# Lamborghini countach replica Polishangel enhancement detail, Deeper Detail East Yorks



## Deeper Detail (Oct 31, 2010)

Hey everyone, apologies for the lack of posts recently, I never get time!

Something a little different from almost a year ago, yes, I'm that far behind on write ups...

The vehicle in question, a lamborghini countach replica and what a lovely example.

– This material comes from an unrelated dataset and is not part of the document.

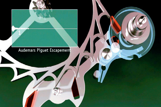 AP 擒縱裝置同樣是以擒縱輪來傳遞能量給擺輪,在完整的擺輪運轉中(也就是來回轉動各一次),擒縱輪只需要衝擊擺輪一次(OMEGA 的同軸擒縱裝置需要擒縱叉提供另一次的力量),因此擒縱叉與衝擊盤上的月形寶石僅擔任鎖定與解除鎖定的功能。但是AP 擒縱裝置的擒縱輪僅有單層設計,也僅有兩個擒縱叉寶石,零件更為簡潔,擒縱系統也無須點油潤滑。

Booked in for an enhancement detail, keeping clear coat removal to a minimum and finishing with Polishangel Master Sealant.

On with some pics...

On arrival.





Hot day, so not many pics of the cleaning process... Trying to keep all panels cool and wet as I went along...













A few sun shots of the defects...









Nice engine 



Indoors and on with the machine process, starting with these...



Random pics of before and afters



























































































After 2 x applications of Polishangel Master Sealant... The finished article...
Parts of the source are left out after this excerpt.